**EXERCISE:** Copy the first line of the entries below and every line after it through the line containing "2016年6月3日上午,紫金". Do not include pictures.

Collection entries
————————

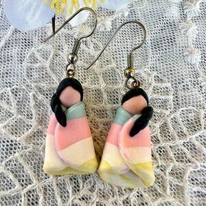 Lovely Native Maiden Earrings, handmade out of clay. A long black braid sweeps over her shoulder and she is wearing a robe of yellow, cream, pink and blue with subtle sparkles and swirls in the clay.
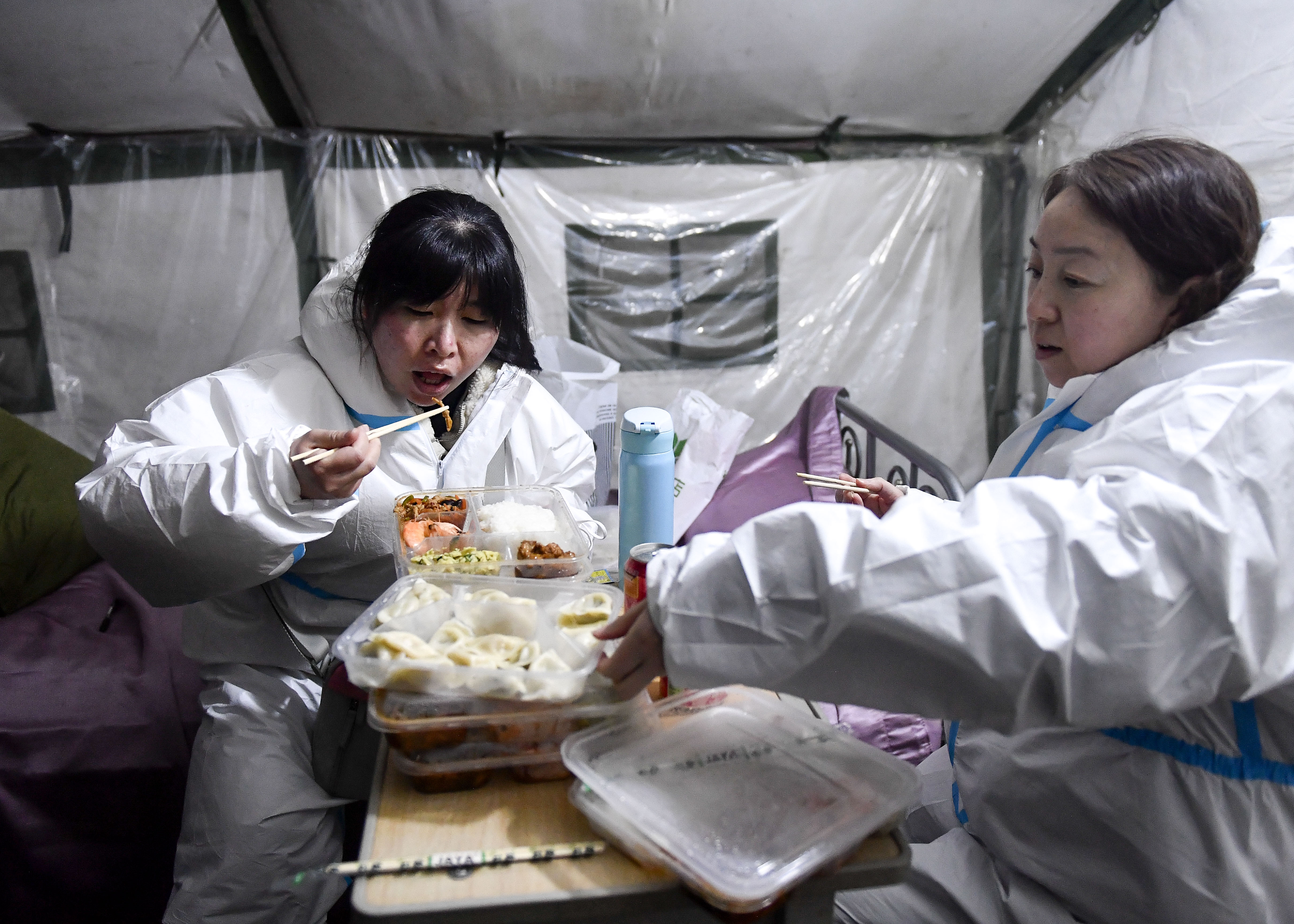 2月4日,在吉林省通化市东昌区一处卡点,值守人员在临时帐篷中吃饺子。新华社记者 许畅 摄
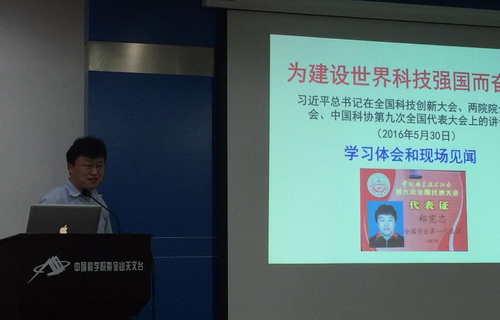 2016年6月3日上午,紫金山天文台召开会议传达学习全国科技创新大会精神和习近平同志关于科技创新重要讲话精神。会议由杨戟台长主持,中国科协第九次全国代表大会代表紫金山天文台郑宪忠研究员向全体与会人员传达了大会盛况及会议精神。全台职工和研究生参加了会议。
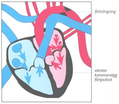 AortacoarctationAortacoarctation är en förträngning i kroppspulsådern som medför att vänster kammares muskel förstoras. Blodtrycket i övre kroppshalvan blir för högt medan blodtrycket i den nedre halvan blir för lågt.
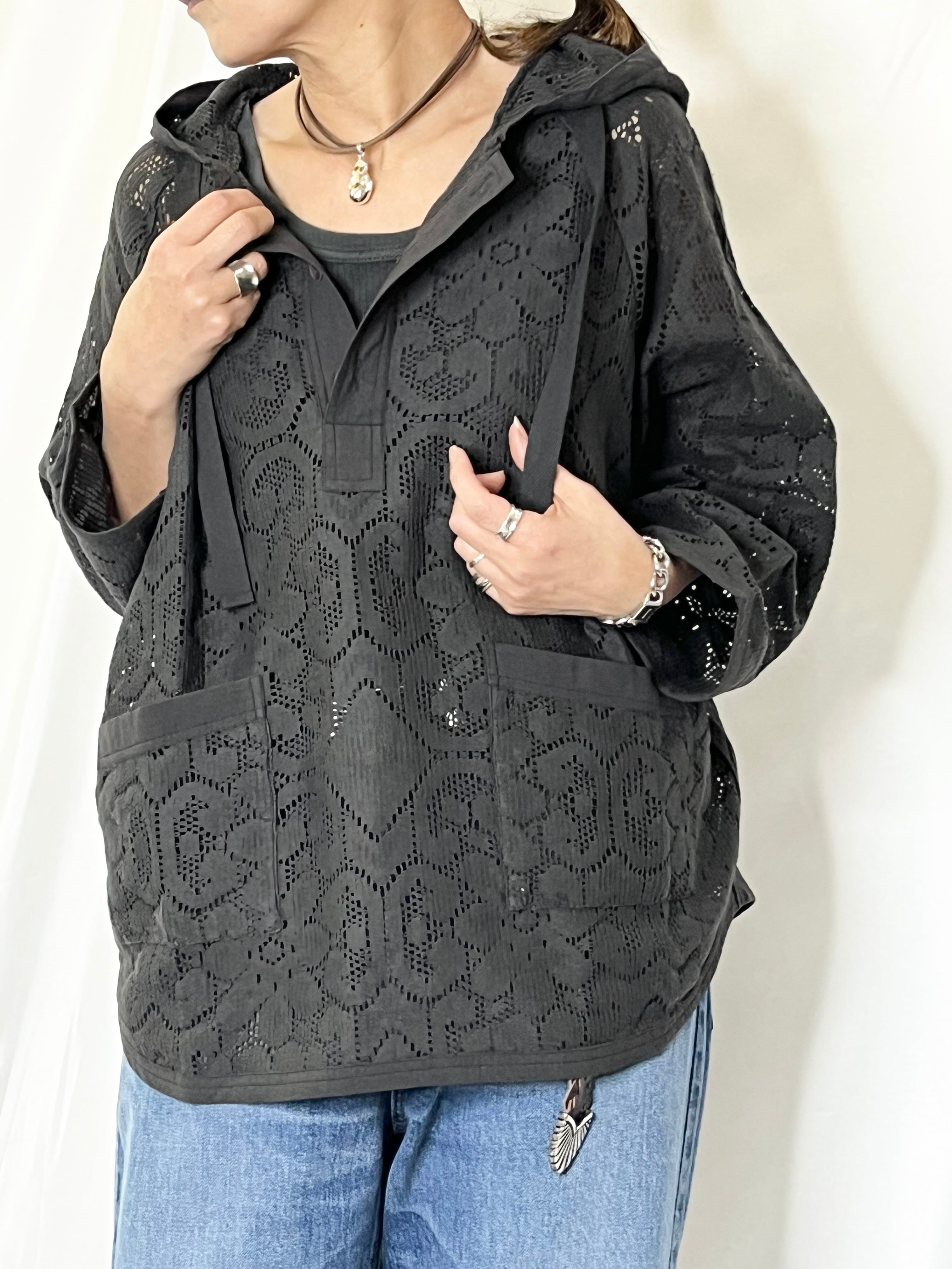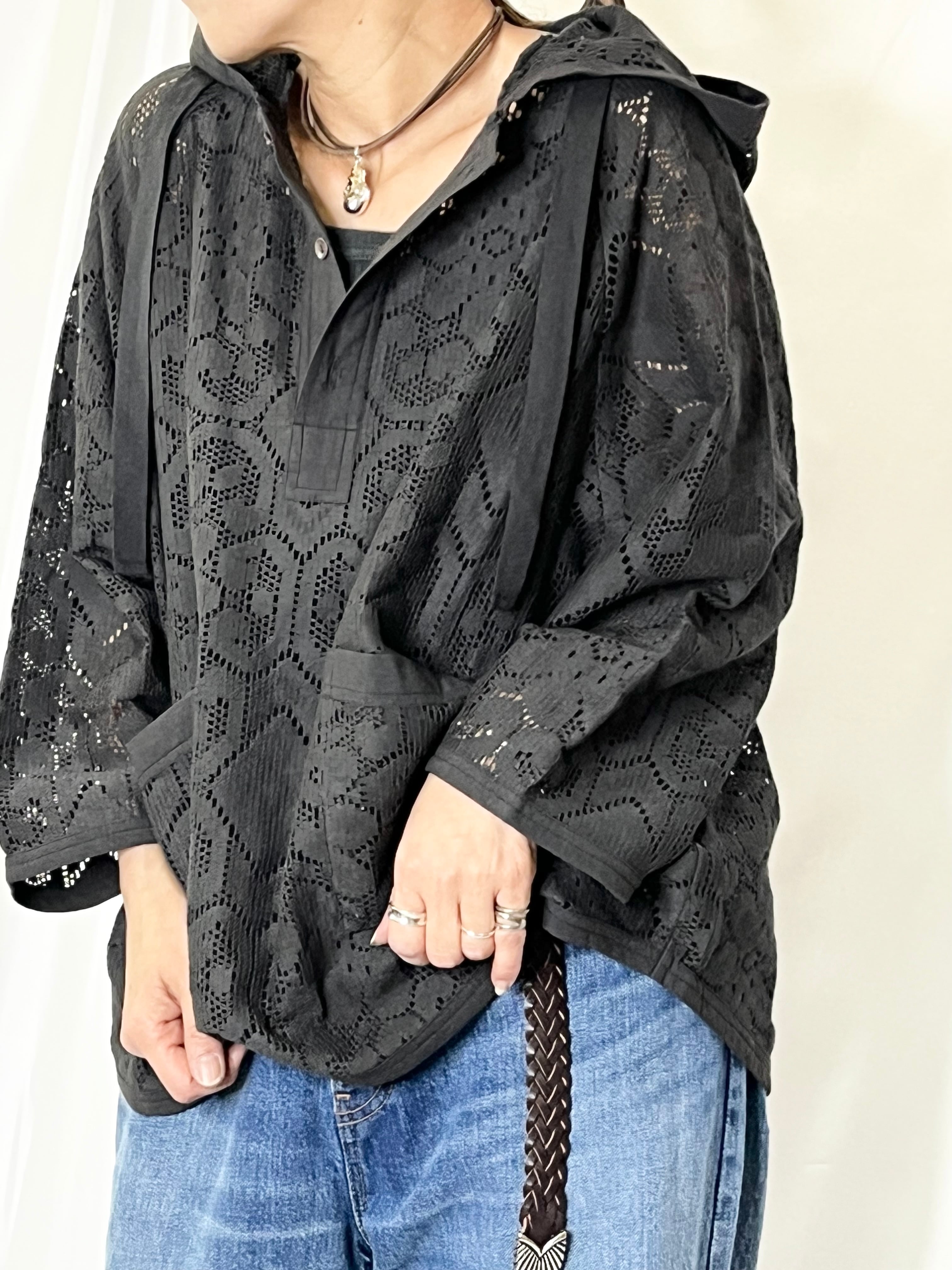 インドレースを使用したフーディタイプのブラウス。
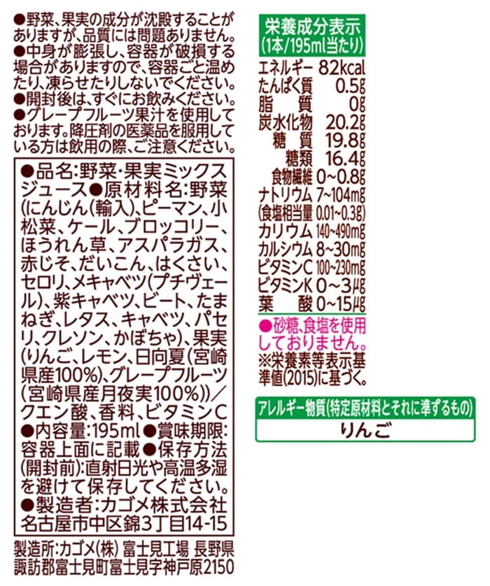 【B】カゴメ 野菜生活100 宮崎月夜実グレープフルーツ&日向夏 195ml×24本《沖縄・離島配送不可》
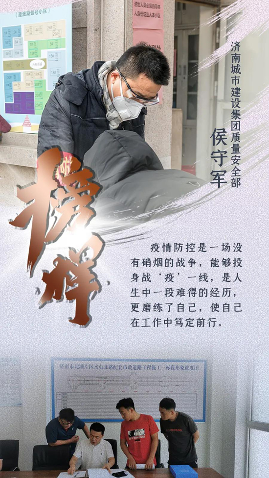 新型冠狀病毒肺炎疫情發(fā)生以來,濟(jì)南城市建設(shè)集團(tuán)認(rèn)真貫徹落實(shí)中央、省、市關(guān)于疫情防控和復(fù)工復(fù)產(chǎn)的決策部署,上下一心、眾志成城,全體干部職工恪盡職守、扎根一線,全員全力投入到疫情防控阻擊戰(zhàn)中。期間,涌現(xiàn)出了眾多先進(jìn)典型和感人故事,用實(shí)際行動(dòng)詮釋了建設(shè)集團(tuán)人的精神風(fēng)貌和責(zé)任擔(dān)當(dāng)。我們?cè)诩瘓F(tuán)宣傳平臺(tái)《榜樣》欄目,推出系列人物報(bào)道,挖掘宣傳一線典型,提振士氣、凝聚力量,激勵(lì)我們繼續(xù)前行,堅(jiān)決打贏疫情防控的人民戰(zhàn)爭、總體戰(zhàn)、阻擊戰(zhàn)。
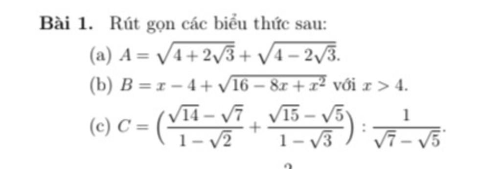 `c)` `C=((\sqrt{14}-\sqrt{7})/(1-\sqrt{2})+(\sqrt{15}-\sqrt{5})/(1-\sqrt{3})):1/(\sqrt{7}-\sqrt{5})`
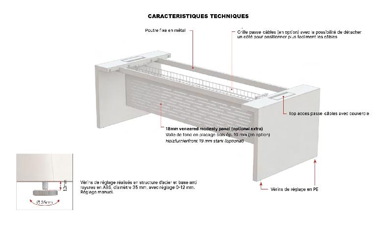 Pour finir, chaque piètement est équipé de 2 vérins de réglage et de stabilité pour garantir un confort de travail même si le sol présente des défauts.
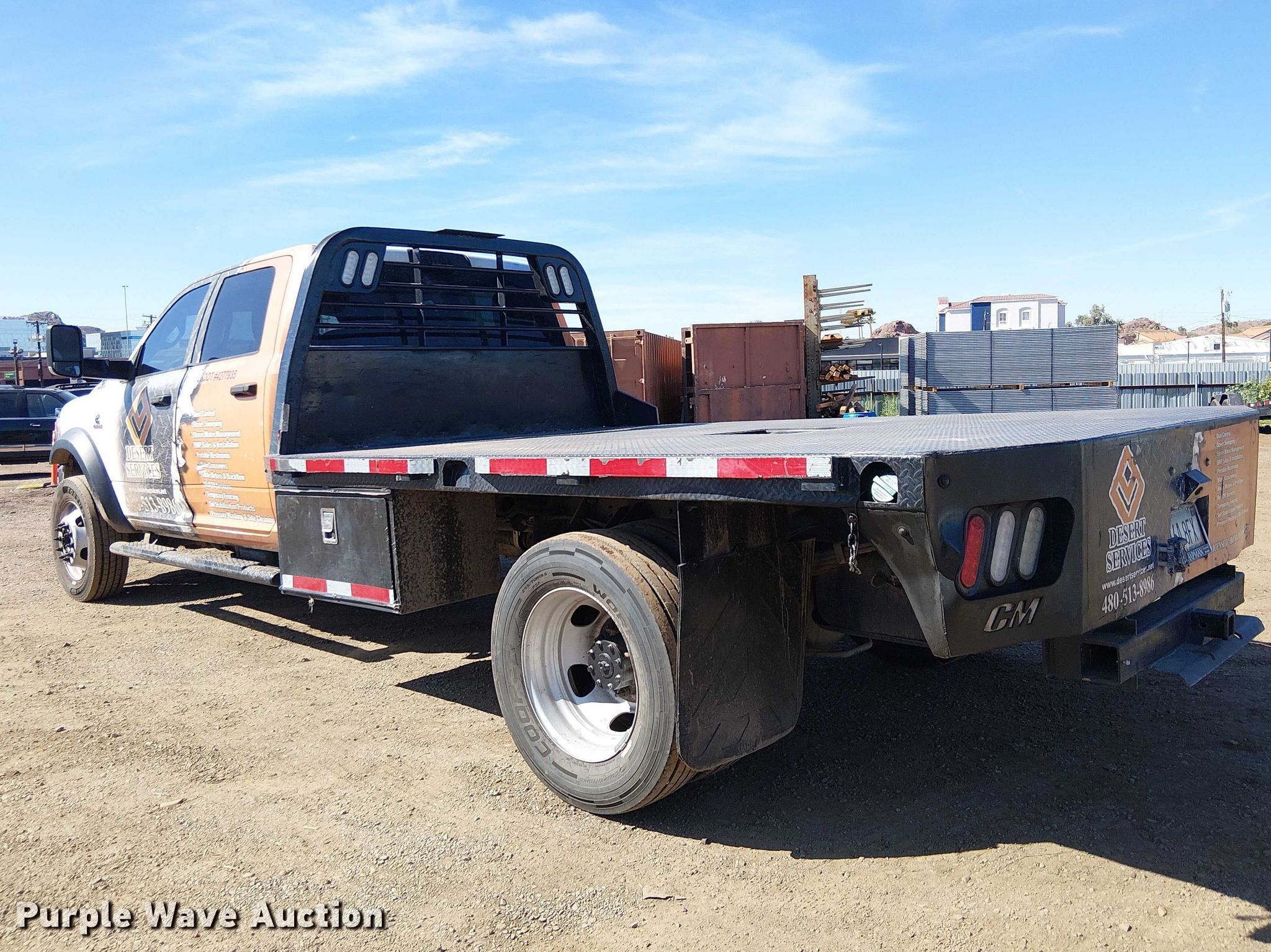 Purple Wave is selling a used Flat Bed Truck in Arizona. This item is a 2019 RAM 5500 Crew Cab flatbed truck with the following: Miles: 148,401 on odometer, Hours: 8,317 on meter, VIN: 3C7WRNFL8KG683808, Unit #: 75
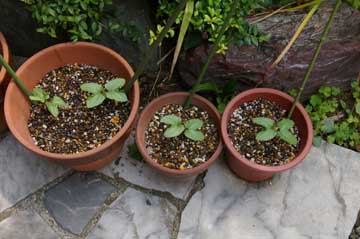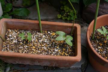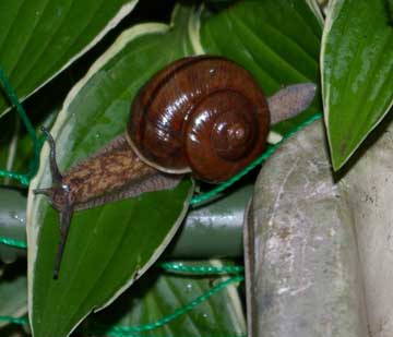 早朝にアサガオの花壇を這って、日が上がってくると草の陰に逃げ込む
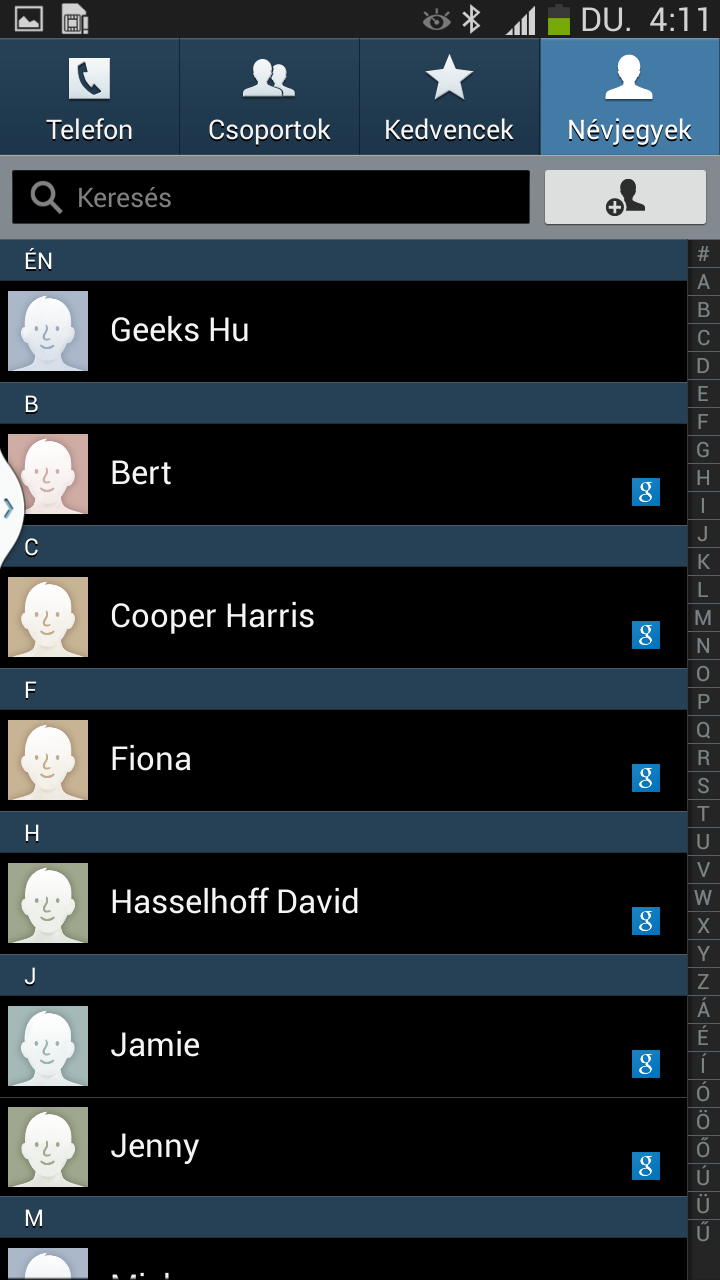 A többi androidos készülékhez hasonlóan a beírt betűkből, számokból a ténylegesen hívni kívánt ismerőst kitaláló Smart dial is megtalálható a mobilban, és a névlistában a TouchWiz extrái is adnak egy kis pluszt: egy kontakt nevén balra húzva az ujjunkat SMS-t küldhetünk, jobbra húzva felhívhatjuk, ha pedig a csatolt képre kattintunk, akkor egy gyorsmenü ugrik fel, további opciókkal.
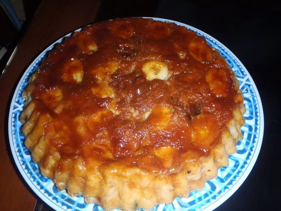 Para el caramelo: ponga a derretir el dulce de panela en una cacerola a fuego medio, cuando ya esté derretido no lo deje oscurecer solo que se derrita, coloque en su molde para hornear y agregue rodajas de banano a todo el molde. Luego agregue su mezcla de pan y hornee por 25 minutos aproximadamente a 260o, este budín queda muy suavecito. y es a fuego suave para que quede hidratado, si lo cocina a fuego alto puede quedarle muy seco.

————————

**EXPECTED OUTPUT:**
 Lovely Native Maiden Earrings, handmade out of clay. A long black braid sweeps over her shoulder and she is wearing a robe of yellow, cream, pink and blue with subtle sparkles and swirls in the clay.
 2月4日,在吉林省通化市东昌区一处卡点,值守人员在临时帐篷中吃饺子。新华社记者 许畅 摄
 2016年6月3日上午,紫金山天文台召开会议传达学习全国科技创新大会精神和习近平同志关于科技创新重要讲话精神。会议由杨戟台长主持,中国科协第九次全国代表大会代表紫金山天文台郑宪忠研究员向全体与会人员传达了大会盛况及会议精神。全台职工和研究生参加了会议。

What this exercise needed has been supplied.